One-Line Summary: A skill is a self-contained, well-defined capability with clear inputs, outputs, and side effects that an agent can invoke as a building block for complex tasks.
Prerequisites: anatomy-of-a-multi-skill-agent.md
What Is the Skill Abstraction?
Imagine a Swiss Army knife. Each blade, screwdriver, and bottle opener is a distinct tool — self-contained, purpose-built, and usable independently. You don't need to understand the screwdriver to use the blade. You can swap in a better blade without redesigning the whole knife. Each tool has a clear interface: you grip, you apply, you get a result. In agent architecture, a "skill" works exactly the same way. It is a discrete unit of capability that the agent can invoke without knowing the implementation details, only the interface.

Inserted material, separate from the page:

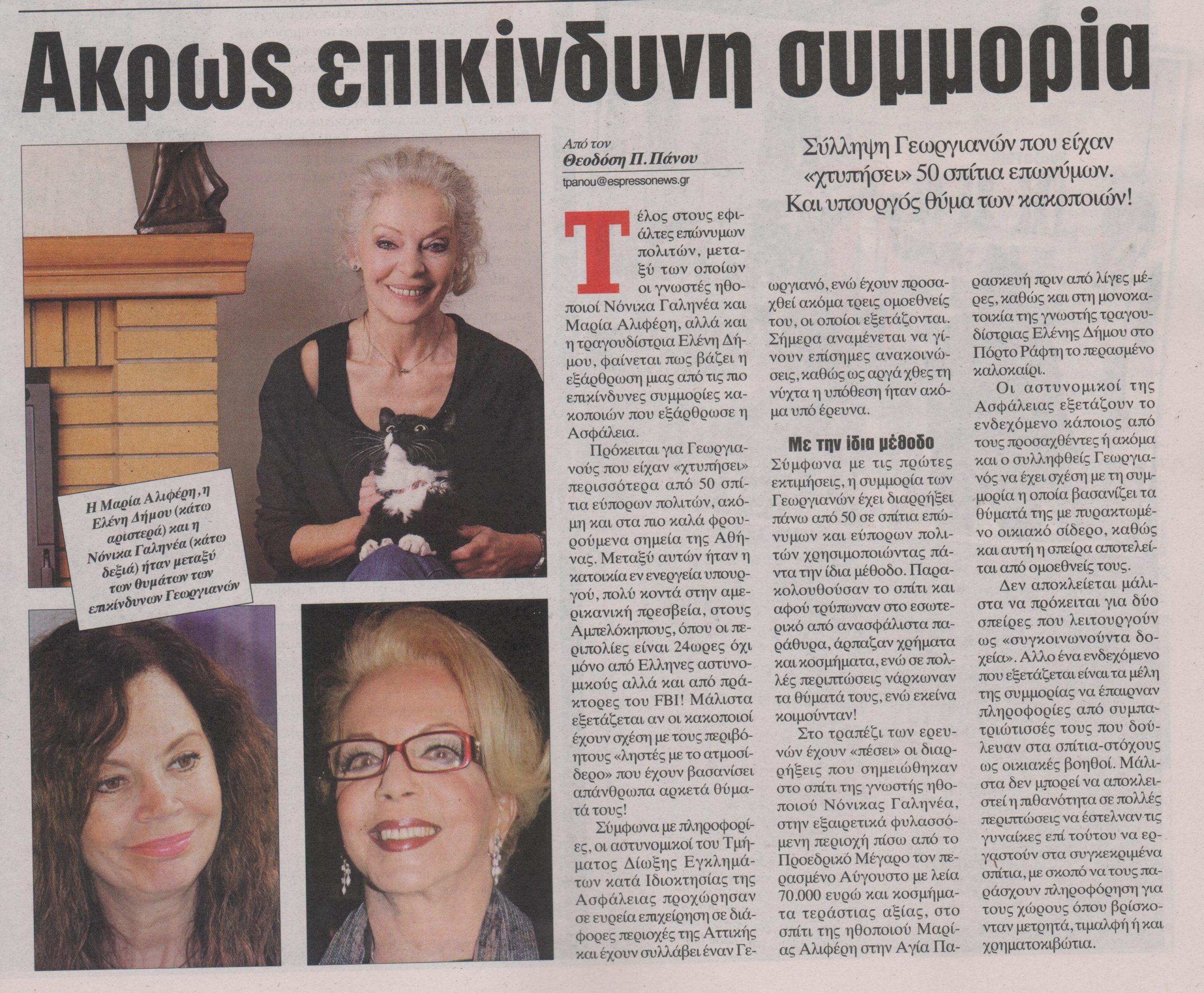 Τέλος στους εφιάλτες επωνύμων πολιτών, μεταξύ των οποίων οι γνωστοί ηθοποιοί Νόνικα Γαληνέα και Μαρία Αλιφέρη, αλλά και η τραγουδίστρια Ελένη Δήμου, φαίνεται πως βάζει η εξάρθρωση μιας από τις πιο επικίνδυνες συμμορίες κακοποιών που εξάρθρωσε η Ασφάλεια.

Technically, a skill is a function-like abstraction that wraps a specific capability behind a well-defined contract: a name, a description, an input schema, an output format, and a declaration of side effects. The agent's LLM sees only the contract (the schema), while the runtime handles execution of the actual implementation. This separation is what makes skills composable — the agent can chain search, then parse, then write without any skill knowing about the others.
The skill abstraction matters because it is the boundary at which complexity is managed. Without it, you get a monolithic agent where every capability is tangled with every other one. With it, you get a modular system where skills can be developed, tested, and replaced independently. This is the same insight that drives microservices, Unix pipes, and functional programming — isolate concerns behind clean interfaces.
How It Works
Anatomy of a Skill
Every skill has five components:
from dataclasses import dataclass
from typing import Any
@dataclass
class SkillDefinition:
name: str # Unique identifier (e.g., "web_search")
description: str # What this skill does, in plain English
input_schema: dict # JSON Schema defining expected inputs
execute: callable # The actual implementation
side_effects: list # What external state this modifiesHere is a concrete example — a web search skill:
web_search_skill = SkillDefinition(
name="web_search",
description="Search the web for current information. Returns top results with titles, URLs, and snippets. Use this when you need up-to-date information not in your training data.",
input_schema={
"type": "object",
"properties": {
"query": {
"type": "string",
"description": "The search query. Be specific and use keywords."
},
"num_results": {
"type": "integer",
"description": "Number of results to return (1-10).",
"default": 5
}
},
"required": ["query"]
},
execute=perform_web_search,
side_effects=[] # Read-only, no external state changes
)And a file-write skill that modifies state:
file_write_skill = SkillDefinition(
name="write_file",
description="Write content to a file on disk. Creates the file if it doesn't exist. Overwrites existing content.",
input_schema={
"type": "object",
"properties": {
"path": {
"type": "string",
"description": "Absolute path to the file to write."
},
"content": {
"type": "string",
"description": "The full content to write to the file."
}
},
"required": ["path", "content"]
},
execute=perform_file_write,
side_effects=["filesystem:write"] # Declares external mutation
)Skills vs. Raw Tool Calls
A raw tool call is just a function the LLM can invoke. A skill wraps that function with structure:
| Aspect | Raw Tool Call | Skill |
|---|---|---|
| Interface | Minimal schema | Rich description, typed params, defaults |
| Error handling | Caller's problem | Built into the skill |
| Validation | None | Input validated before execution |
| Output | Arbitrary | Standardized format |
| Side effects | Implicit | Explicitly declared |
| Testability | Requires full agent | Unit-testable in isolation |
# Raw tool call — minimal, fragile
def search(query):
return requests.get(f"https://api.search.com?q={query}").json()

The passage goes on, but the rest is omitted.